Continuing work on the Telrad base was easy—-cloudy nights=busy days.

I added a wedge to the front of the Telrad base to make it more secure when attached, shaped the whole thing and made some nice edges. I think this is just going to be an experiment in getting it done—-if I like how it handles in the field, I may make it out of oak or something more stable and solid than pine (this was all pieces of 2×4 cutoff).

I had the wooden part in the bench vise, then shaped the angles of the top to match the angled Telrad base with a block plane and a chisel (on the knots).The above picture shows it as I started to shape the angle. It took surprisingly little time! Maybe 10 minutes.

Then, I used two 1/2” wood screws I found in the junk drawer to attach the Telrad’s base to the shaped wooden base:

Finally, attached the base to the telescope using the finder scope’s cleat, then attached the Telrad for a test fit. Perfect!

Assuming everything holds up in the field, I will use this prototype to test finishes for waterproofing and painting. Once I get it all refined, I’ll likely find myself a nice piece of hardwood and make a nicer looking base. Or I may just say the heck with it and use this one!

Time will tell, but if the clouds don’t freakin’ get out of here it’s a moot point…

-- Steve http://vaughtwoodworks.wordpress.com



4 comments so far

View David Kirtley's profile

David Kirtley

1285 posts in 1749 days


#1 posted 10-15-2012 06:37 PM

If you are going for dimensional stability, I would make version 2.0 out of baltic birch or marine ply rather than solid wood. Chesapeake Light Craft usually has some bundles of small pieces pretty cheap. Then seal it with epoxy and it should do great.
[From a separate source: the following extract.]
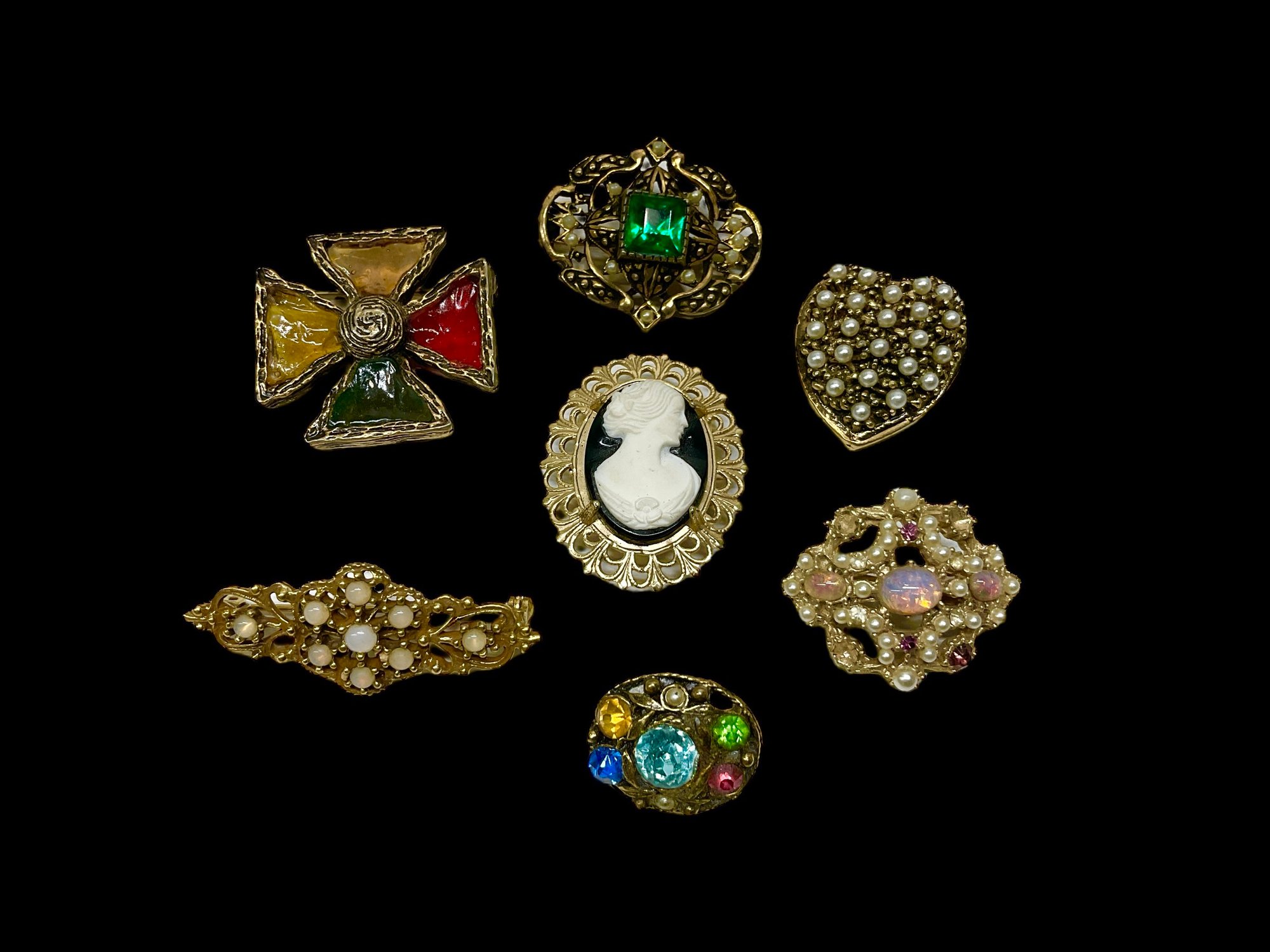 Lot Of 7 Vintage Or Antique Rhinestone Pins, largest measures 2” wide. Some may be missing a rhinestone or two, see photos for condition.

http://www.clcboats.com/shop/products/boat-building-supplies-epoxy-fiberglass-plywood/marine-plywood-cedar-strips/plywood-project-pack-bundles-24.html

http://www.clcboats.com/shop/products/boat-building-supplies-epoxy-fiberglass-plywood/marine-plywood-cedar-strips/plywood%20project-pack-bundles-54.html

-- Woodworking shouldn't cost a fortune: http://lowbudgetwoodworker.blogspot.com/

View Cosmicsniper's profile

Cosmicsniper

2199 posts in 1909 days


#2 posted 10-15-2012 07:46 PM

Still very cool!

I wouldn’t worry too much about dimensional stability. It’s not a bad habit to check alignment on your Telrad each use anyway, especially if you have to setup each time. Plus, it’s not as if you are hoping for arc-seconds worth of pointing accuracy.

Now, go away clouds!

-- jay, www.allaboutastro.com

View RaggedKerf's profile

RaggedKerf

407 posts in 871 days


#3 posted 10-15-2012 11:41 PM

David: Wow—where do you find stuff like that? I never would have thought of a boat supplier! That’s an awesome idea—-even if I don’t use it for this project, I can think of lots of uses for marine grade plywood bundles like that…thanks!
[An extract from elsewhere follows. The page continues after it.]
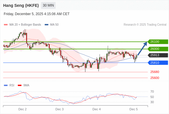 在 25810 之上,看涨,目标价位为 26000 ,然后为 26100 。

Jay: Yeah, I wasn’t too worried about it until I realized that every time I took it off and on (to test it) the base had these unsightly little divots where the thumbscrew from the RA finder base was pressing in on the soft pine sides. Once it’s done I don’t plan on removing it, but I’m just thinking that over time, the stress of wheeling the dob out of the garage—-er, shop—-onto the driveway and raising the tube up and down every time I use it will wear out the wood. If it doesn’t, I’ll be happy—-if it does, I’ll have a backup plan. I’ll probably go with David’s suggestion and use marine plywood should the base start to wobble or fall apart (LOL).

Yes yes, go away clouds! I’m going through clear skies withdrawal (although it is allowing me plenty of shop time…)

-- Steve http://vaughtwoodworks.wordpress.com

View Cosmicsniper's profile

Cosmicsniper

2199 posts in 1909 days


#4 posted 10-16-2012 02:06 PM

Gotcha, Steve. I’d be inclined to leave mine on, if possible, but in portable setup it usually needs to be removed. i’ve actually broken two of them because I banged them around somehow. YMMV…I’m clumsy. :)

Like David mentioned, Baltic birch is great for this kinda stuff…and I like the look of it. I know people who have made their own scope rings with it, and many of us will use it to make mounting plates to bolt on our imaging systems for various hubs, motors, power supplies, and cables.